Weber didn’t waste time. ‘I need to be put in contact with a cash-in-transit robber,’ he said. ‘A good one.’
Van Onselen raised his eyebrows.
‘Don’t even ask,’ Weber cautioned. ‘You don’t want to know. It’s better for both of us that you don’t know.’
Van Onselen asked anyway. ‘Does this have something to do with your wife’s disappearance?’
‘Yes,’ Weber said. ‘Now don’t ask any more questions.’
Van Onselen sat down and pointed at a visitor’s chair for Weber. Weber could see him wondering if this was a trap, some elaborate scheme by the Bar Council. But then he must have remembered the vigour with which Weber had defended him, to the extent of calling the chairman of the Bar Council a sanctimonious Bible-punching hypocrite without an ounce of mercy in his make-up.
‘I think I have what you want,’ he said, and leaned down to take a lever-arch file from his briefcase. ‘James Mazibuko,’ he said and opened the file on his desk. ‘Serial cash-in-transit robber, often a fugitive from justice, the general who does the scouting and the planning and gives the orders, but is never seen anywhere near the action. Out on bail at the moment on a charge of robbing a cash van at Ballito while out on bail for two similar offences, one of them in Cape Town.’
‘Does he speak English?’ Weber asked.
‘Better than me.’ It was said with a smile. Van Onselen’s English was of the murderous variety and had become a joke amongst the legal f
raternity after a cantankerous judge had shouted at him, ‘Mr van Onselen, I could give you a thrashing for the way you murder the English language!’
‘How good is his intelligence?’
‘He’s a very clever man, I think.’
‘No, I mean his information. He must have a network of informants about shipments’ dates and times and places and so on.’
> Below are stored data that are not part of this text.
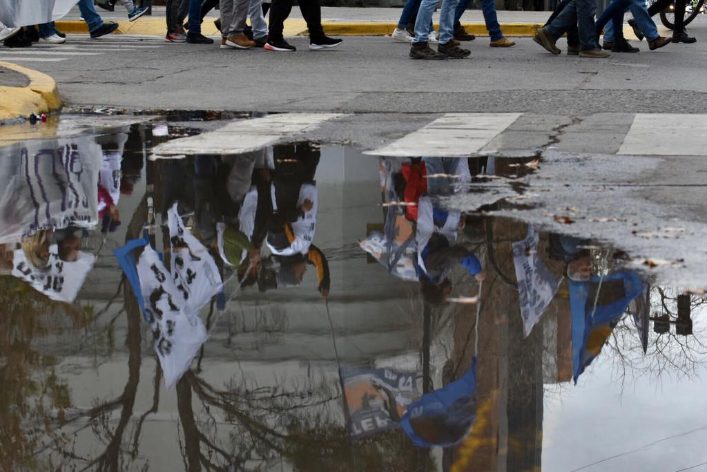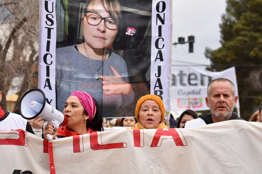 Al cumplirse un año de la explosión en la escuela de Aguada San Roque se movilizan por el centro de Neuquén reclamando Justicia por las tres víctimas fatales, gremios de Neuquén y vecinos. Fotos de Matías Subat.
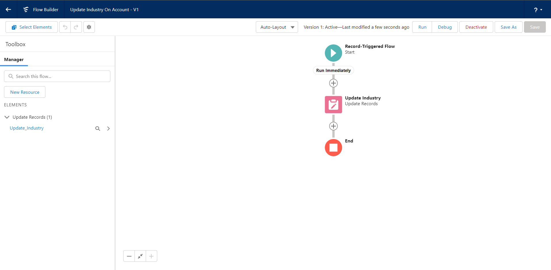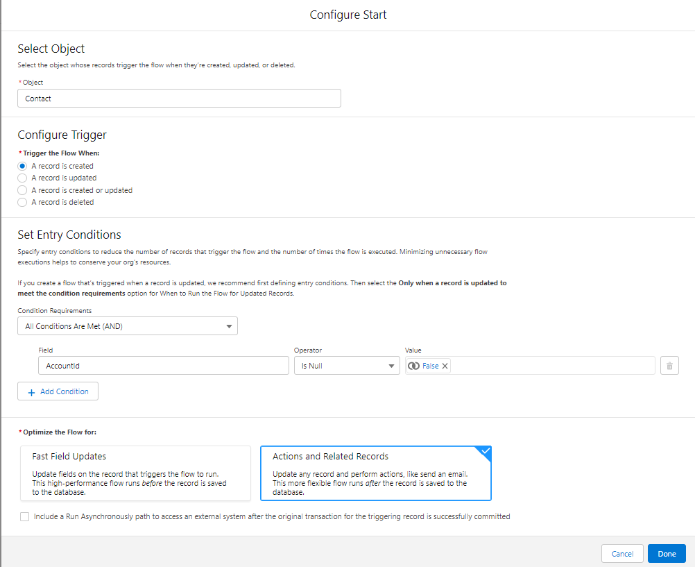 Step 3: Here I want to update ‘Industry Field on Account to Agriculture’ when a Contact is Created. So that I created one flow as -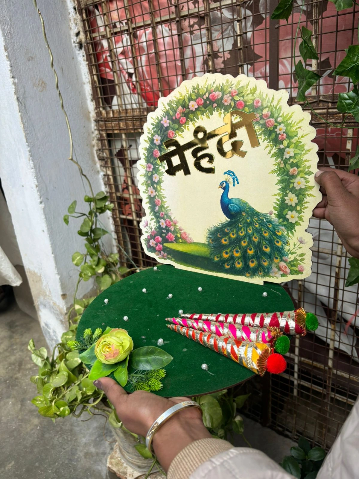 The peacock design symbolizes beauty, grace, and prosperity, making it a perfect choice for weddings, haldi, mehndi, and other pre-wedding rituals. Ideal for holding mehndi cones, flowers, bangles, sweets, or ceremonial items, this decorative platter also works wonderfully as a stage prop or photo-shoot accessory.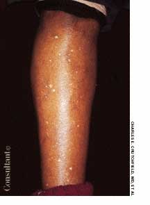 After more than 15 years of wondering what the “white specks” on his legs were, a 64-year-old man consulted his physician. The patient was taking medication to control hypertension; he was otherwise healthy.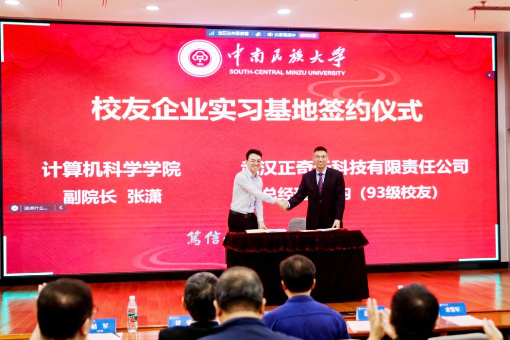 The signing ceremony of the alumni enterprise internship base kicked off amid warm applause. The School of Computer Science signed cooperation agreements with Wuhan Zhengqiyun Technology Co., Ltd., Wuhan Xijiawanwei Technology Co., Ltd., and Suzhou Meibijia Environmental Technology Co., Ltd. Both the school and the enterprises will jointly conduct research on prospective technologies and key common technologies, carry out the transformation of industry-university-research, and launch innovative integration and cross-border strategic cooperation.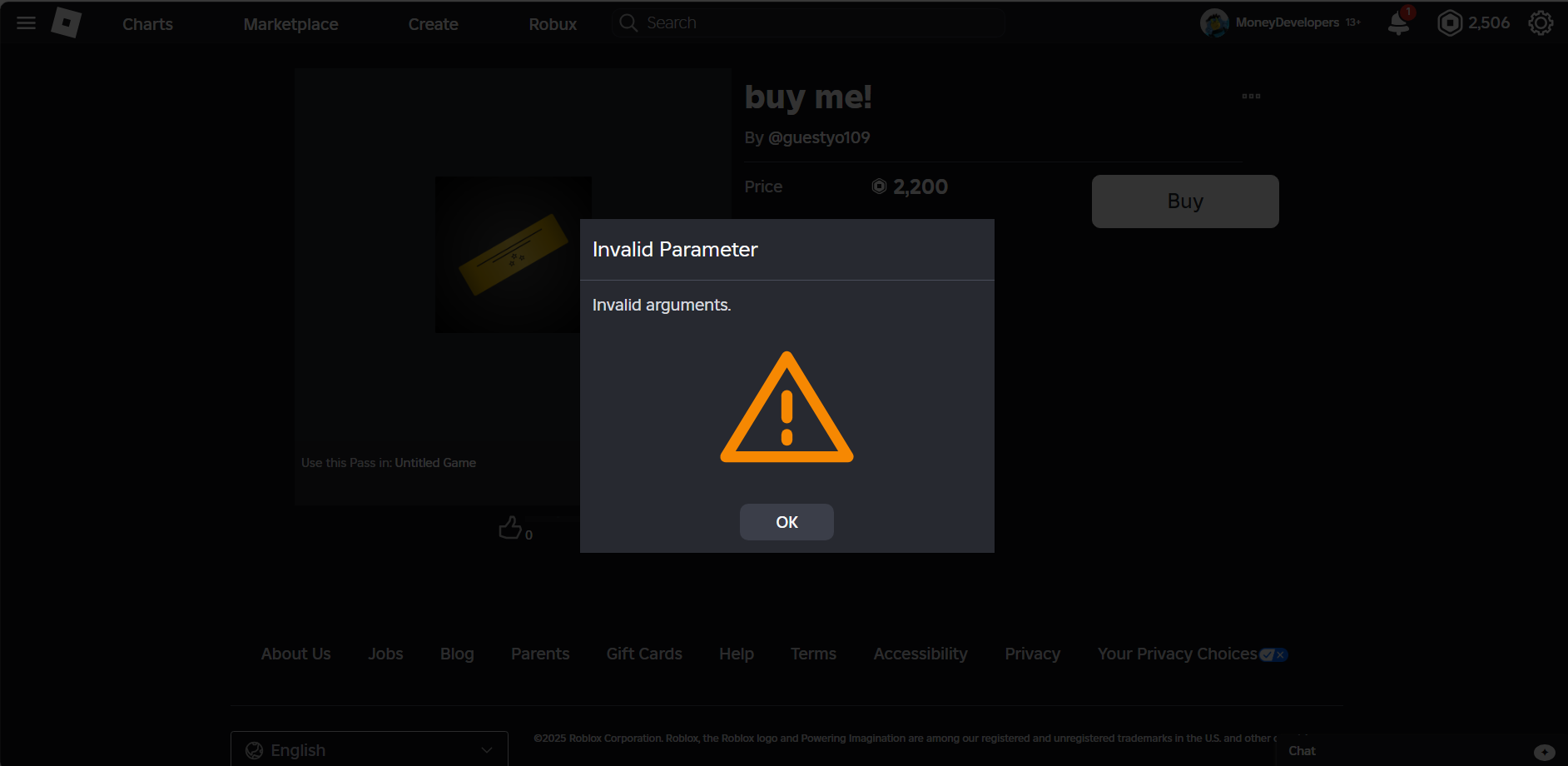 and it says Invalid Parameters when trying to purchase it as seen in screenshot below:

‘Oh, I see what you mean.’
‘Well?’
‘As far as I know, and he won’t tell me everything, he has contacts within the banks’ security and also in the police and NIA.’
So the rumour he had heard was true, Weber thought. The National Intelligence Agency was staffed by erstwhile freedom fighters who were not averse to making some money on the side. It was rumoured that the section looking into organised crime was in cahoots with the cash-in-transit gangs and took a cut, a solid thirty per cent of the take, in return for providing reliable intelligence to facilitate the lifting of the money and afterwards to put the police off the scent by providing false intelligence reports.
‘He should do,’ Weber said and stood up.
‘What’s in it for James?’ Van Onselen wanted to know. ‘He’s going to ask me.’
‘You may tell him that I’ll defend him free of charge on every one of the charges he currently faces.’
‘That might do it,’ Van Onselen said. ‘He’s never had senior counsel on his side. On the prosecuting side, often, but not on the defence team. As you know, the judges here just don’t take me seriously.’
Weber stopped at the door. ‘I need to see him sooner rather than later. And you’ll have to set it up so that he comes to see me with a proper brief from a proper firm of attorneys. After that, you and the attorney stay well out of it.’
Van Onselen made a last effort. ‘You’re not going to tell me anything about it, are you?’
‘No, because if I do, you will get struck off.’ Weber closed the door behind him before Van Onselen could respond. ‘Both of us,’ he said softly to himself.